EXERCISE AIM - Given the records underneath, please repeat exactly the lines from the line with "Dolce&Gabbana one-piece swimsuit" through the line with "Peter Veld of", passing over any picture.

EXTRACTED RECORDS -

————————

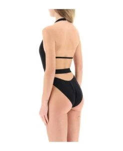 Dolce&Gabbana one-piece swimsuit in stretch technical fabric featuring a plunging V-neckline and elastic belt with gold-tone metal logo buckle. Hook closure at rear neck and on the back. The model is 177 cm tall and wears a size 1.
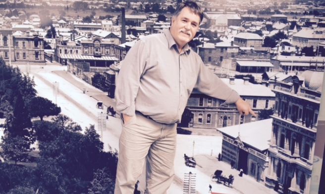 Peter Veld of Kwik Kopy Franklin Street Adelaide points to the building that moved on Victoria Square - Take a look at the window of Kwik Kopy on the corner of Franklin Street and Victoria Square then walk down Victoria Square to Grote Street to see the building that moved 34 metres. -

————————

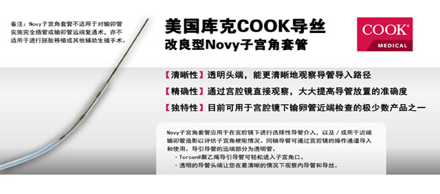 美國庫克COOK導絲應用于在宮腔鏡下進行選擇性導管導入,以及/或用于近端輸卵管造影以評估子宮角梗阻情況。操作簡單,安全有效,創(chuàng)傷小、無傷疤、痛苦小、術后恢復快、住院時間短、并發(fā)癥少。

————————

WRITTEN RESPONSE -
 Dolce&Gabbana one-piece swimsuit in stretch technical fabric featuring a plunging V-neckline and elastic belt with gold-tone metal logo buckle. Hook closure at rear neck and on the back. The model is 177 cm tall and wears a size 1.
 Peter Veld of Kwik Kopy Franklin Street Adelaide points to the building that moved on Victoria Square - Take a look at the window of Kwik Kopy on the corner of Franklin Street and Victoria Square then walk down Victoria Square to Grote Street to see the building that moved 34 metres. -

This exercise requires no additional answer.